“Queen Charlotte: A Bridgerton Story” has one of the most complicated, and yet stylistically unified, scores of any series this year — Kris Bowers‘ original score, the 18th-century period music, and a surprising number of string-quartet covers of 21st-century hits.
The Netflix series, a prequel to the 2021 hit “Bridgerton,” imagines a Black bride for England’s King George III in 1761, chronicling their initially rocky marriage and her gradual understanding of the monarch’s mental illness; flash-forwards to 1817 feature an older and wiser queen.
Bowers, who earned two Emmy nominations for his work, returned for the prequel but took a different approach. “This show needed a level of intimacy that the score for ‘Bridgerton’ doesn’t necessarily have,” he says. “My initial instinct was to write for a smaller ensemble, and to mic and mix the music in a way that was more intimate and tactile, a sense of closeness to the instruments.”
He played the 18th-century fortepiano for the younger Charlotte — “it’s a very bright sound, with a very different feel,” Bowers says — as part of his chamber ensemble: string quintet (two violins, viola, cello, bass), sometimes adding a second cello. “The older Charlotte is more of that ‘Bridgerton’ sound,” he adds, “a bigger orchestra, grand piano, a more refined sound versus the grittier sound of young Charlotte.”
In a surprising connection with another Bowers project, he was inspired by the music of French-Caribbean musician Joseph Bologne, Chevalier de Saint-Georges, just weeks before he got the job of scoring “Chevalier” (the film released earlier this year). He penned a song with Tayla Parks, “A Feeling I’ve Never Been,” for the royal wedding, along with other moments “where my reference point was trying to emulate Chevalier in different ways.”
According to “Queen Charlotte” music supervisor Alexandra Patsavas, executive producers Shonda Rhimes, Betsy Beers and Tom Verica “had srong ideas about how score and source (music) could enhance the storytelling, and we started the conversation well before production.”
Similar to the much talked-about covers of contemporary songs in “Bridgerton,” “Queen Charlotte” contained versions of songs “written, performed, or turned into cultural juggernauts by women of color,” Patsavas says, including “Halo,” “If I Ain’t Got You,” “Deja Vu,” “Run the World,” “Nobody Gets Me” and “I Will Always Love You.”
“Shonda Rhimes thought these iconic female artists of color — Beyonce, SZA, Whitney Houston, Alicia Keys — were perfect to tell Charlotte’s story through music,” Patsavas added.

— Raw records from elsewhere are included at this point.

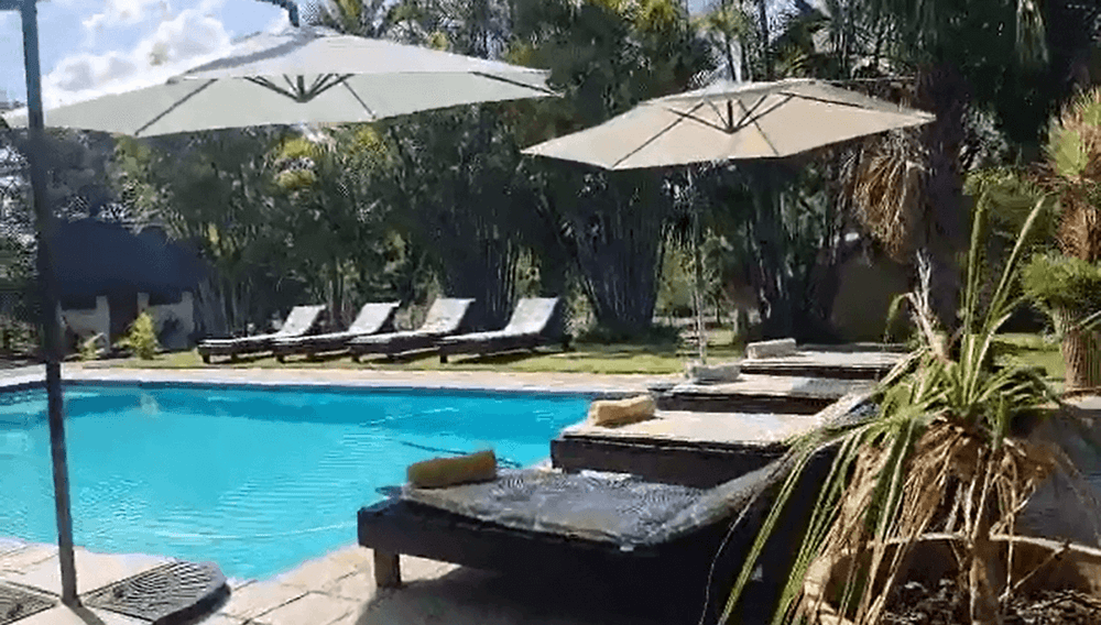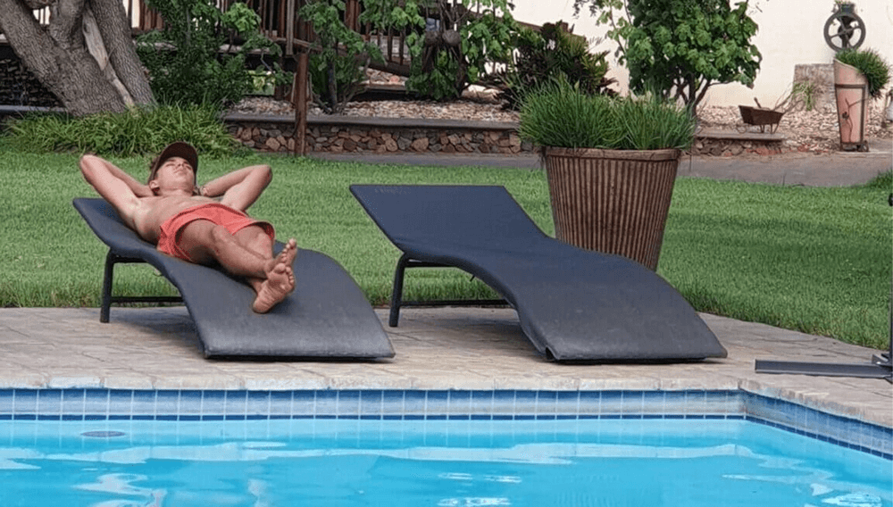 Der er en fælles swimmingpool på lodgen og hver dag lægges rene badehåndklæder frem på liggestolene.
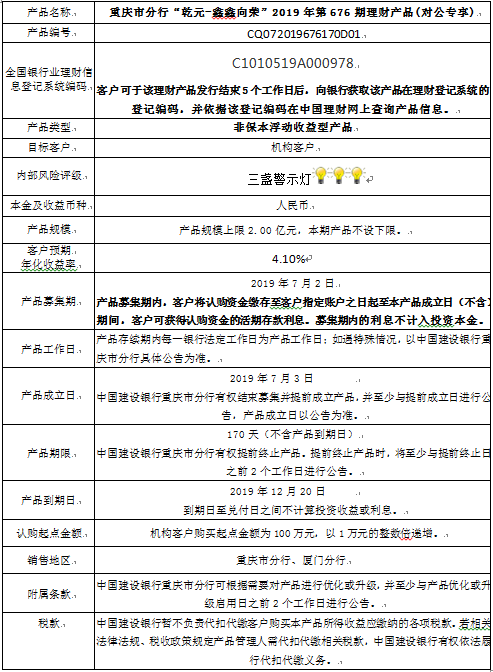 1.本期产品规模上限:2.00亿元。在本期产品募集期内,对本期产品的认购金额达到本期理财产品规模上限,则中国建设银行重庆市分行有权利但无义务停止本期产品的认购,已经认购成功的客户投资权益不受影响。
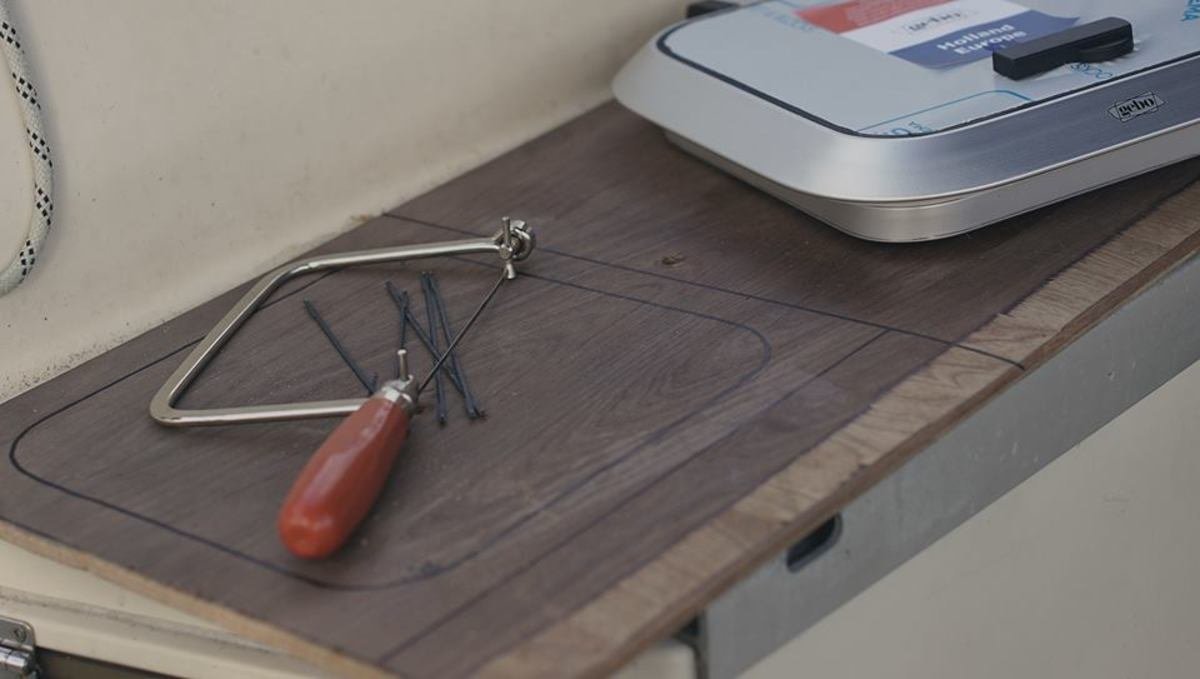 Again, this proved to be a difficult project because the window was too small for the existing hole. We had to cut a platform out of wood, with the outer edge matching the outside part of the hole, then, we would have to cut a hole in it, sized for the new hatch. We didn't have access to a workshop, and the wood was very, very dense (our mistake). We used a handsaw to cut it, and it took AGES, many hours of sawing interspersed with bouts of whining and thoughts of dying of old age with this piece of wood, still uncut.
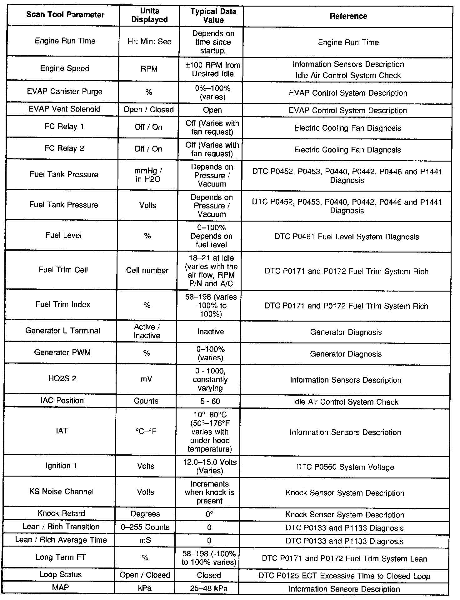 NOTE: Do not use a scan tool that displays faulty data. Report the scan tool problem to the manufacturer. Use of a faulty scan tool can result in misdiagnosis and unnecessary parts replacement. Only the parameters listed below are used in this manual for diagnosis. If a scan tool reads other parameters, General Motors does not recommend these values for use in the diagnosis. For more description on the values and use of the scan tool to diagnose the PCM inputs, refer to the applicable diagnostics. If all of the values are within the illustrated ranges, refer to Symptoms.

The Vitamin String Quartet performed Keys’ “If I Ain’t Got You” for Lady Danbury’s ball in the third episode. Then after the series was finished, a music video of that song featuring 70 women of color, dressed in period costumes, was shot while they performed an orchestral version at London’s Abbey Road. Bowers produced it.
Patsavas also found approximately 30 classical pieces of the era — “Georgian icons such as Handel, Mozart, Purcell, to make sure songs and sounds of the era were introduced and heard.”